21. Receive the Sacrament of Reconciliation.

Attend a penance service or go to confession and take advantage of the opportunity to cleanse your soul in preparation for the coming the Lord. The sacrament helps you let go of whatever guilt, doubts, sinfulness or stress you are carrying.

22. Pray for patience.

If you find yourself becoming anxious or upset, ask the Lord for the gift of patience. Then make a conscious effort to be a more patient person.

23. Offer up something painful or difficult in your life.

The best way to transform trials and tensions is to turn them into a prayer by saying, “Lord, I’m giving you this stressful situation with the hope that you will give me the courage, the strength and the peace to move through it.

24. Listen to Christmas music.

Fill the house with the sounds of the season. Select traditional carols that celebrate the true meaning of Christmas.

25. Take a prayer nap.

A prayer nap is a lot like a cat nap. The difference is that you imagine that you are resting in the arms of the Lord. Just find a quiet place and take 10 or 15 minute prayer nap. You’ll notice the difference right away!

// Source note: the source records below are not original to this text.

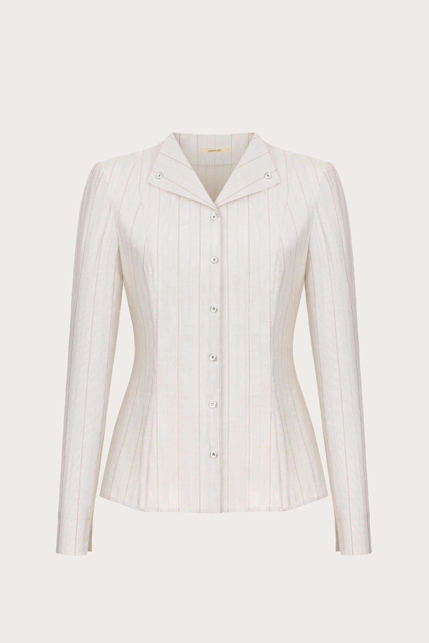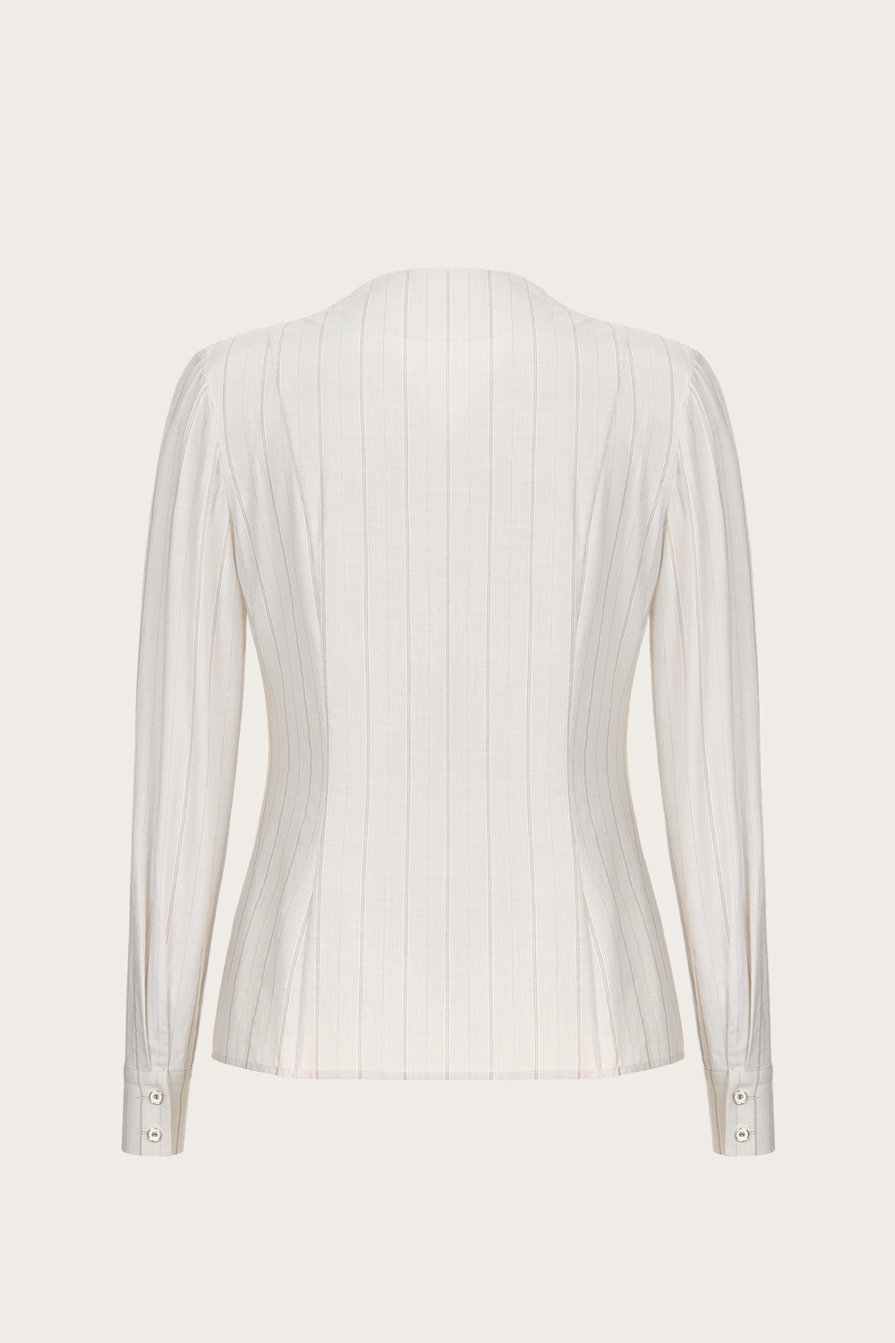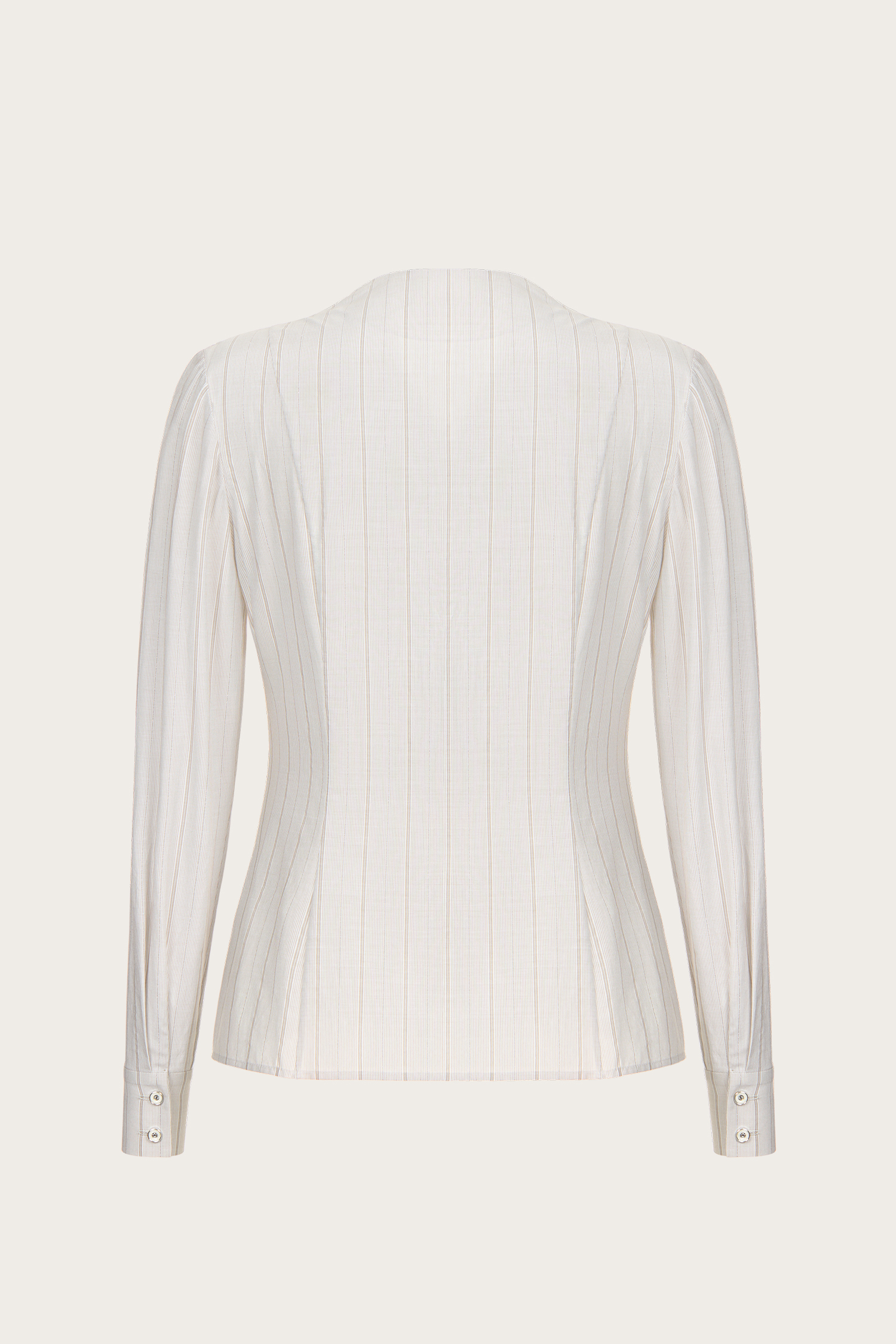 Блуза с длинными рукавами, выполненная из молочного хлопка в полоску. Застежка на пуговицы по переду. Прямой силуэт. Только сухая чистка. Сделано в России.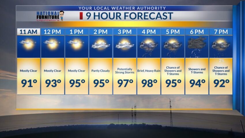 By tonight expect southeast winds to reach up to 20 mph and brief heavy rain to begin around 4 p.m. Showers and thunderstorms will linger in the evening around dinner time.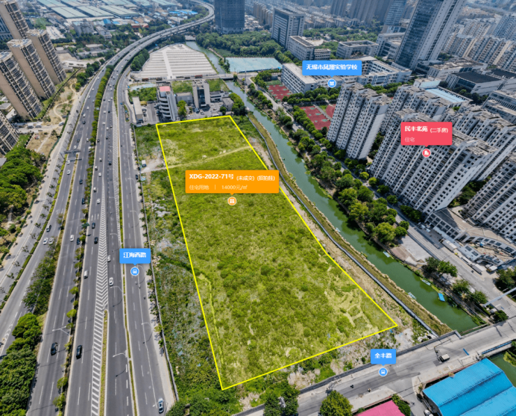绿地香港间接全资子公司无锡国盛房产开发有限公司联合无锡市北塘益民投资发展有限公司以6.84亿元的底价竞得编号为XDG-2022-71号的梁溪区全丰路与江海路交叉口东南侧地块。该地块建设用地面积为22196平方米,规划建筑面积为48831平方米,成交楼面价为14000元/平方米。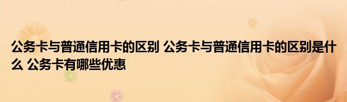 导读 大家好,小元来为大家解答问题。公务卡与普通信用卡的区别,公务卡与普通信用卡的区别是什么,公务卡有哪些优惠这个很多人还不知道,现在让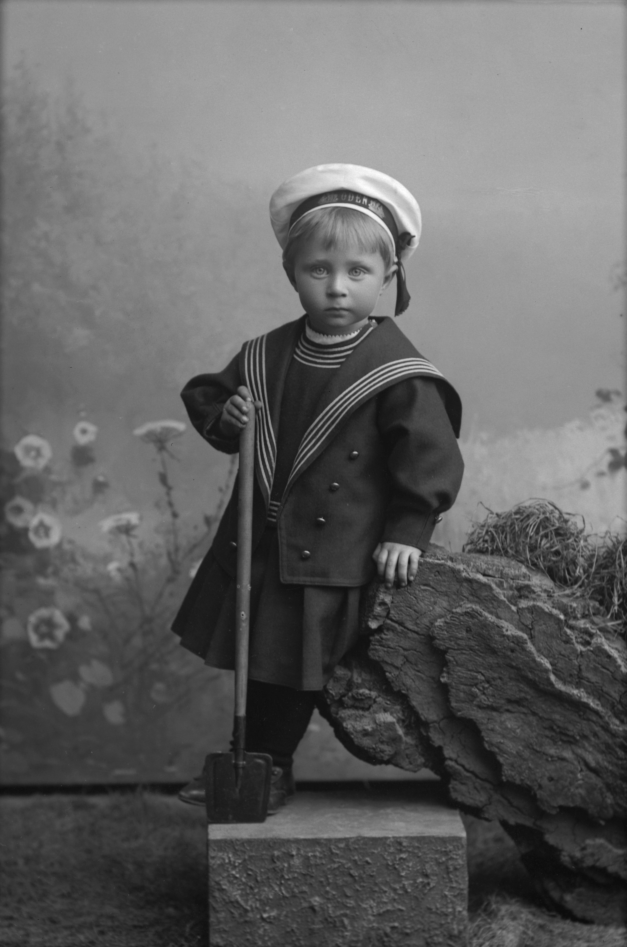 Porträtt i helfigur av Lindblads barn i sjömanskostym och -mössa, stående invid stenhäll, hållande långskaftad hacka. En ateljéfond med skogs- och blomstermotiv utgör bakgrunden.

26. Meditate on the nativity scene.

Imagine yourself in the crèche with Jesus and Mary. Picture yourself holding the Christ Child.

27. Laugh.

Look for the humor in things that happen. Even if you have to fake it, make yourself laugh. Studies show that laughter reduces stress hormones and elevates your mood.

28. Pray.

Set aside 10 minutes a day for quiet prayer. As you move through Advent you will begin to relish these quiet moments that will restore your spirit.

29. Start an Advent journal.

Imagine that you are writing a letter to God. Record the ways you experienced God during the day, and jot down the names of people who need prayers.

30. Thank God for all the good things.

Cultivate an attitude of gratitude. Be thankful for all the good things that God has given you!